# WHAT YOU ARE ASKED TO DO
From the material below, retype exactly the lines that begin at the line with "Naklejka premium Monarch" and end after the line with "The Jharokha Sandals"; pictures stay out of the copy.

# EXCERPTED DATA

------------------------------------------------------------

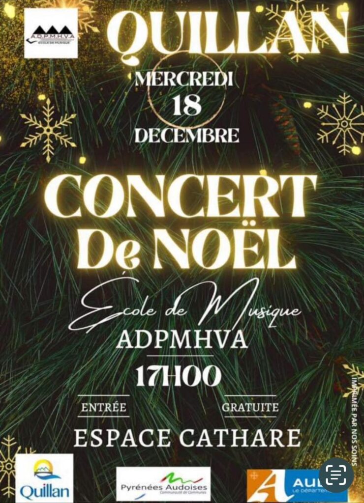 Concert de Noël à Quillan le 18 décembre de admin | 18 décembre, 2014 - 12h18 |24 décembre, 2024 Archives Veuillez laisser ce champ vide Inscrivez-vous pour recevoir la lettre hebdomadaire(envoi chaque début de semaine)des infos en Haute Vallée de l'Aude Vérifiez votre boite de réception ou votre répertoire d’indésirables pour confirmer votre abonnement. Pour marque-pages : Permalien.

------------------------------------------------------------

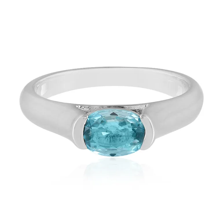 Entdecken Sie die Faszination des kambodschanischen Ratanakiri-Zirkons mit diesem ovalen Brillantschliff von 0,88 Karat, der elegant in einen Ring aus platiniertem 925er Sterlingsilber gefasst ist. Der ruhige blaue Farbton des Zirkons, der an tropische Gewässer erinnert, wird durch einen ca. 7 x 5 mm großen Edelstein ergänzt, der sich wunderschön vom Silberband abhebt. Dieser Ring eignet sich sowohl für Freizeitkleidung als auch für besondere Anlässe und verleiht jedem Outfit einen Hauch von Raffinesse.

------------------------------------------------------------

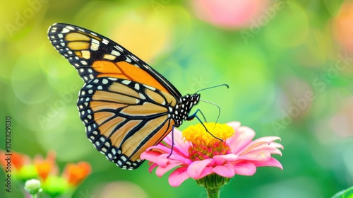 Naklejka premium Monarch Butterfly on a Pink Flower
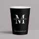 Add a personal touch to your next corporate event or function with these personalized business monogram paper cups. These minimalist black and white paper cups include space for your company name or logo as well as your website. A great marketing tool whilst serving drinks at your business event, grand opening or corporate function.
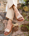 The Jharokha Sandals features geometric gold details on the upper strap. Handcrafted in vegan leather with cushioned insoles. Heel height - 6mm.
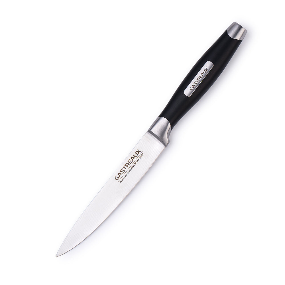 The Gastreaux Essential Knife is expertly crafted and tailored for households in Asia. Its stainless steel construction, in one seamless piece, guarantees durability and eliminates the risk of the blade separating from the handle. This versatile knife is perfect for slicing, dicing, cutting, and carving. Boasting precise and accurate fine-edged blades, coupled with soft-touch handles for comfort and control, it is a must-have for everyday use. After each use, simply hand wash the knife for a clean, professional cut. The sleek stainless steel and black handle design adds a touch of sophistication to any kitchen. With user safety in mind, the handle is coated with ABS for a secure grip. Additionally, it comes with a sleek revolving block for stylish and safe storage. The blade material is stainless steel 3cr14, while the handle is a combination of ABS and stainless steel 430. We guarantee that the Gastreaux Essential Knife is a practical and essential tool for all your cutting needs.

------------------------------------------------------------

# FINISHED EXERCISE
 Naklejka premium Monarch Butterfly on a Pink Flower
 Add a personal touch to your next corporate event or function with these personalized business monogram paper cups. These minimalist black and white paper cups include space for your company name or logo as well as your website. A great marketing tool whilst serving drinks at your business event, grand opening or corporate function.
 The Jharokha Sandals features geometric gold details on the upper strap. Handcrafted in vegan leather with cushioned insoles. Heel height - 6mm.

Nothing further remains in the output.